Ох-ох… Бесполезно с вами бороться; чем настырнее вы по части книжонок и скрижалей, тем безмятежнее сквернословите в свободное от Брокгауза время, словно зарок себе дали: не получится измазать мироздание библиотечной пылью, так хоть грязью из канавы замарать. Ну зачем, зачем, можете вы объяснить, по какой мистической причине уж так необходимо утираться помянутым способом? Полно вам, раздражительный друг, попейте водички. Можно подумать, мы вас на каждой странице х..м благодарим. Если бы на каждой, это действительно неприличие и уже не смешно, какой тут смех, плакать впору, когда водка приобретает вкус лекарства. Но гомеопатическое, отмеренное твердой рукой сквернословие — это же примирительный елей, душа мира! Да будет вам известно, что наше все № 2, а именно Салтыков-Щедрин, вдохновившись утраченным, увы, трудом Светония “О брани или ругательствах и о происхождении каждого”, открыл или предполагал открыть в одном из своих сочинений кафедру митирологии, сиречь науки срамословить, да и сам в быту отличался. Это он шутил!!! Шутил, как же. Просто он был справедливый человек и старался, чтобы сквернословие прилагалось не по произволу сквернословящего, но по заслугам сквернословимого. А вы нас сперва отвлекаете, а потом жалуетесь. На чем мы остановились? Остановились! Да вы и шагу не сделали, как стали в пень. И все-таки? Ну, в один замечательный день…

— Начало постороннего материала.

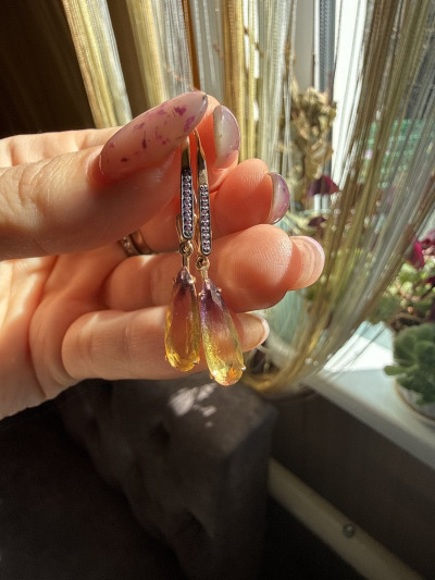 Давно нравились аметрины. И к 8 марта предложили отличные скидки, поэтому выбор подарка оказался очевидным). Так получилось, что у меня довольно высоко расположены проколы, поэтому подавляющее большинство сережек мне не подходят. В конкретно этих серьгах очень понравилась застежка. Ничего не давит. ничего не слетает. А камешки просто бесподобны!
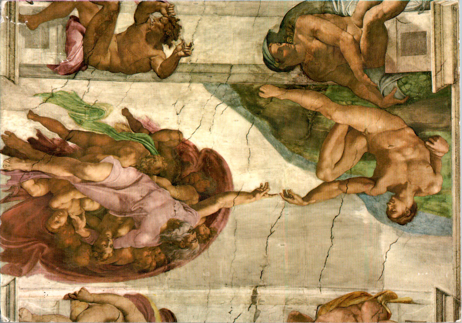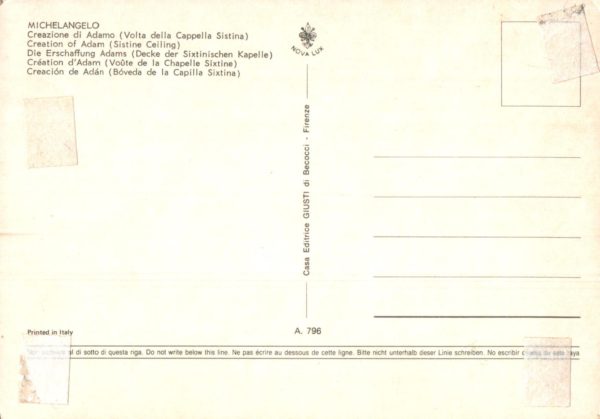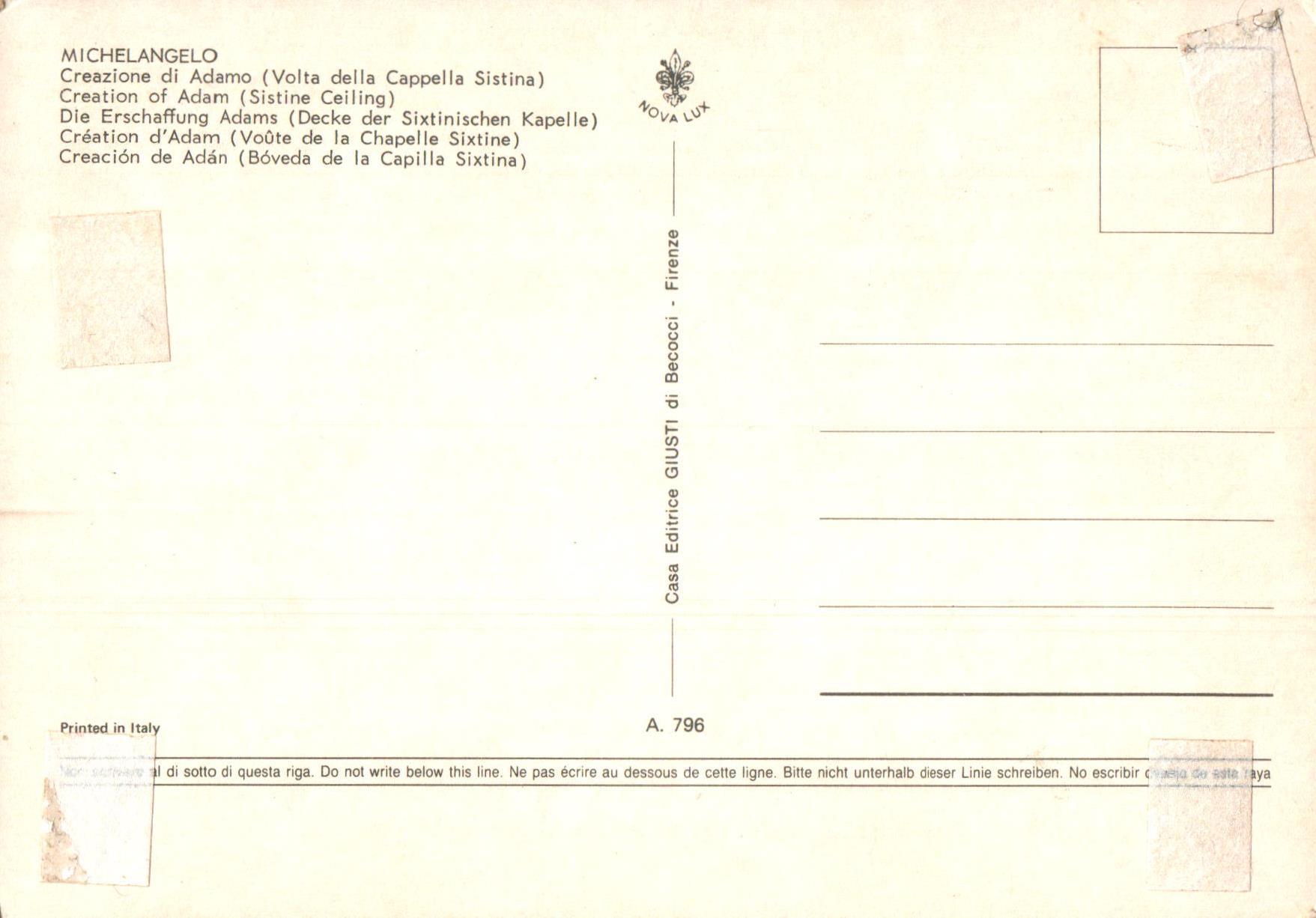Naast de detail ansichtkaarten (van de schepping van Adam) zijn ook kunstkaarten als zodanig van deze voorstelling [COL 897.010b, (10,5 x 15); COL 897.010d, (10,3 x 15); COL 897.010e, (8,7 x 14); COL 897.010f, (10,3 x 15)] van de complete compositie aan onze collectie toegevoegd.

В один замечательный день все стали манихеями, и жизнь немедленно преобразилась — по крайней мере, для очень и очень внимательного взгляда, вооруженного лупой, и внимательного ума, вооруженного воображением, А разве воображение состоит в ведомстве ума? А как же! “Мысленное представление”, как написано в словаре, значит, нужны какие-то мысли, чтобы из них нечто представить. Ну, что бросается в глаза? Ничего. Так-то оно так, но приложите усилия, примечать первоначальные изменения нелегко — это потом кажется, что так было всегда. Когда уже ничего нельзя исправить? Конечно, это ведь как с любовью: приложил усилия и увидел в избранном предмете все, чего в нем никогда не было, но отныне будет. То-то горькие слезы будут! Да, горькие непридуманные слезы. Ну, держите лупу.
об адептах
По нежному весеннему городу ходит Аристид Иванович, окруженный толпой учеников: куда он, туда и они, ловят каждое слово, понимающе смеются, вертятся под ногами, ждут у парадного подъезда Публичной библиотеки; стоит ему плюнуть — и тут же все вокруг захаркано, и бедный старик принужден плеваться в платок, и все его карманы набиты платками.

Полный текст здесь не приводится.